Tuesday, January 29, 2008

Ventura Snapshots

Taken shortly after the weekend storms:


Ventura County Median Household Income 2000 $59,666
Ventura County Median Household Income 2006 $72,107

Ventura County Median Home Price 2000 $248,700 Ratio 4.17x
Ventura County Median Home Price 2006 $600,000 Ratio 8.32x
Ventura County Median Home Price 2007 $523,000 Ratio 7.25x

Returning to 4.17x ratios for 2008 the median would be $305,000
Expected 3 year duration of declines we can project 2008 median price to fall $75,000 to $448,000.

Taken this morning while getting the paper:

The land in the foreground on the right is likely part of the $10m 400ac ranch mentioned yesterday.

30 comments:

Property Flopper said...

First, I'd have to say: Nice view.

Property Flopper said...

That aside... the above assumes prices will return to ~4.17 ratio. Why should it? The ratios of income to item cost is not static.

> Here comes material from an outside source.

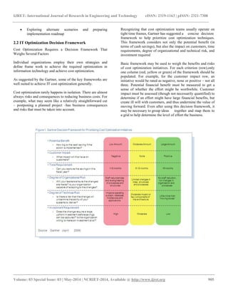 The document discusses strategies for information technology (IT) cost optimization in a competitive business environment, emphasizing the need for a structured approach to achieve sustainable cost reductions while maintaining performance. Key focuses include transparency, agility, accountability, simplification, and discipline in IT management, alongside the importance of collaboration with business leadership. Recommendations are provided for prioritizing cost optimization efforts and engaging stakeholders to ensure successful implementation.

Take a TV set - 1960's, they were a major purchase... today, they are bigger, better and on sale at walmart.

Let's use a "large ticket item" for a better comparison. A house is usually the largest item a person buys, a car is usually the second.

My first was a 1968 Mustang, so lets use that. 1968 median income (nationwide) was $39,777. The mustang cost ~$2,500, roughly 1/16 of the median income.

Today, median is closer to $60k. Following that logic, a nice car should cost about $4k. Not likely.

Even the $72k median for Ventura would yield $4,500 for a new sports car. Definitely NOT the same ratio.

At best, you're looking at 1/3 the median income for an equivalent new car.

Why would you assume real estate will return to the 2000 ratio? I think it will drop now (it grew too fast), but over time, I expect the ratio will continue to climb - slowly squeezing the middle class out of property ownership.

Property Flopper said...

And (to keep in the spirit of ExUrb), something wildly off topic.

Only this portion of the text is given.